Guy Fawkes Day

November 5th marks the anniversary of the Gunpowder Plot, a conspiracy to blow up the English Parliament and King James I in 1605. On that day, the king planned on opening Parliament.
The plot was intended to be the beginning of a great uprising of English Catholics, who were distressed by the increased severity of penal laws against the practice of their religion. The conspirators, who began plotting early in 1604, expanded their number to a point where secrecy was impossible.
They smuggled about 36 barrels of gunpowder, overlaid with iron bars and firewood, into a cellar under the House of Lords. The conspiracy was brought to light through a mysterious letter received by Lord Monteagle, on October 26, urging him not to attend Parliament on the opening day.
The First Earl of Salisbury, and others to whom the plot was made known, took steps leading to the discovery of the materials and the arrest of Fawkes as he entered the cellar. Other conspirators, overtaken in flight or seized afterward, were killed outright, imprisoned, or executed.

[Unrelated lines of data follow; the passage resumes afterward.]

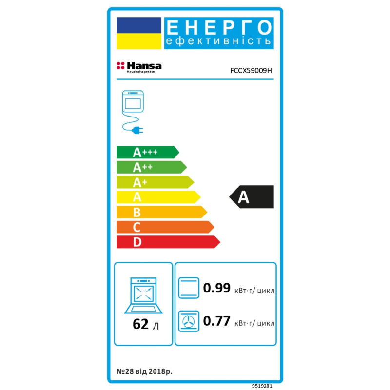 | Обсяг духовки | 62 л |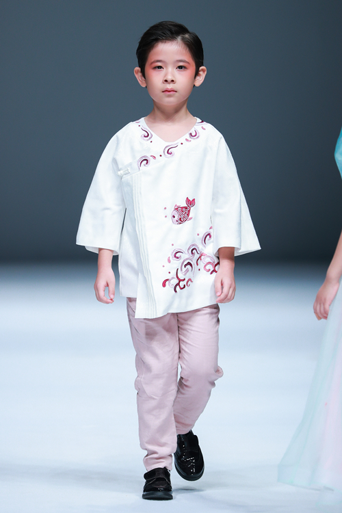 比如汪小荷的范湧在服装中既保留中式传统工艺、手工包边、盘扣、刺绣,印花,又注入时尚元素,创造出中西合璧的新中式经典童装,让人印象深刻。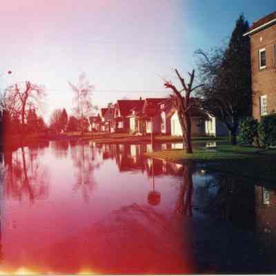 Corner of Oak and Center Streets, Centralia, WA, looking south from 400 block during Feb. 1996 flood.Collection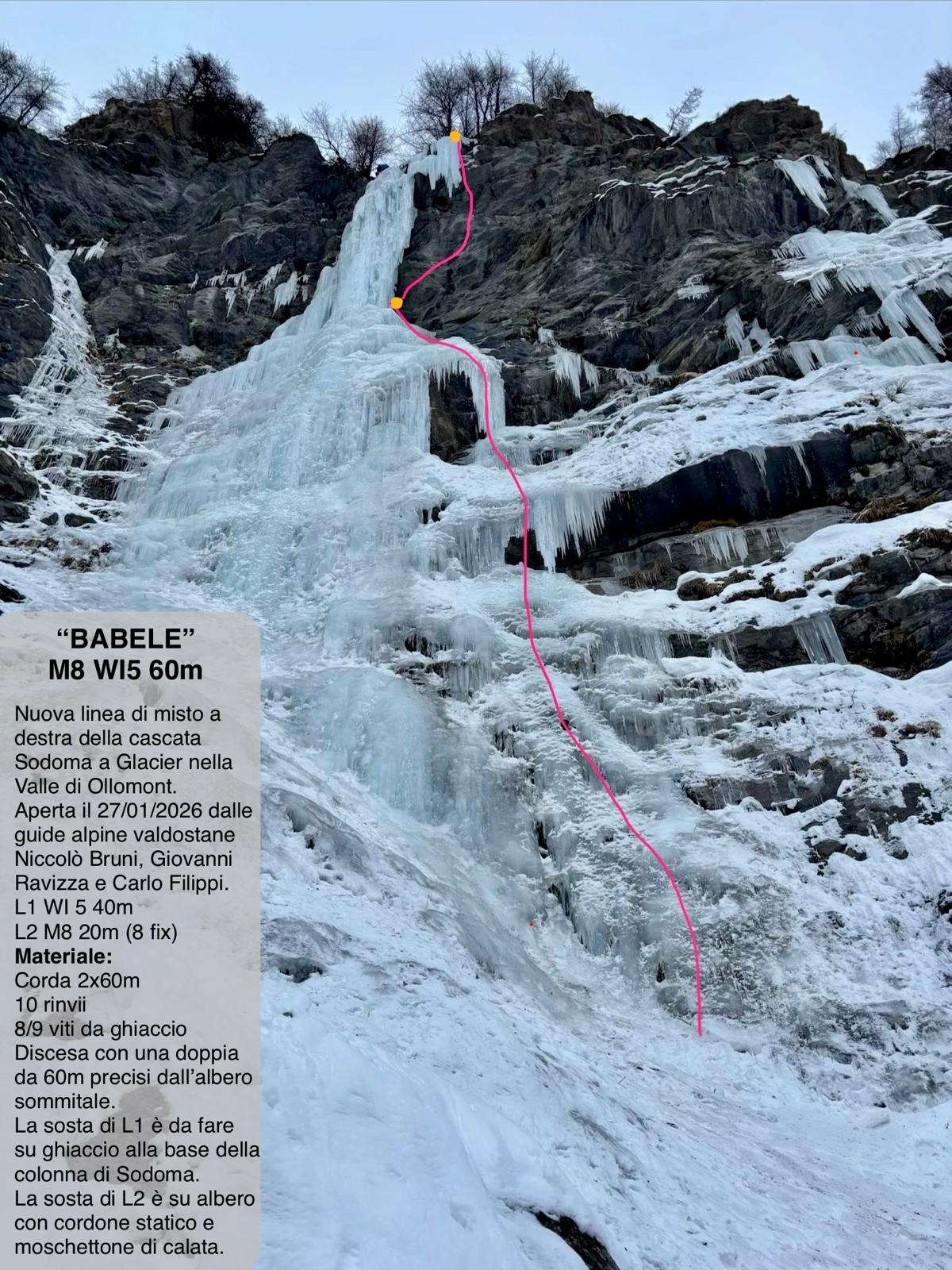 A fine gennaio è stata la volta di Babele, che sale a destra di Sodoma, a Ollomont. La via corre su una frangia indipendente rispetto al ben noto itinerario della “valle fredda”. “Il primo tiro è bello lunghetto e dopo due belle sezioni di ghiaccio va a fare sosta dietro alla candela. Da lì prende lo strapiombo ed è un bell'M8. Quel giorno eravamo in tre, c'era anche Carlo Filippi”. Nonostante l'ampia frequentazione del settore, nessuno ci aveva ancora messo mano. “Ci vuole occhio e la roccia non sempre è proteggibile, ma la linea che è venuta fuori merita. Lì c'erano già Sodoma e Gomorra, mancava solo la Torre di Babele...ma speriamo che non venga giù”. Con l'aggiunta di questa linea, per chi ha fisico e tecnica c'è la possibilità di farla giornata abbinandola con Sodoma o altro e pare che la frequentazione in queste due settimane non sia mancata.

Among those executed was Father Henry Garnett, the superior of the English Jesuits, who was one of the leaders of the conspiracy. While the plot was the work of a relatively small number of men, it provoked hostility against all English Catholics and led to an increase in the harshness of laws against them. To this day, it is the law in Britain that a Roman Catholic can not hold the office of monarch. And the Queen (or King) is still Supreme Head of the Church of England.
Guy Fawkes Day, November 5, is still celebrated in England with fireworks and bonfires on which effigies of the conspirator are burned.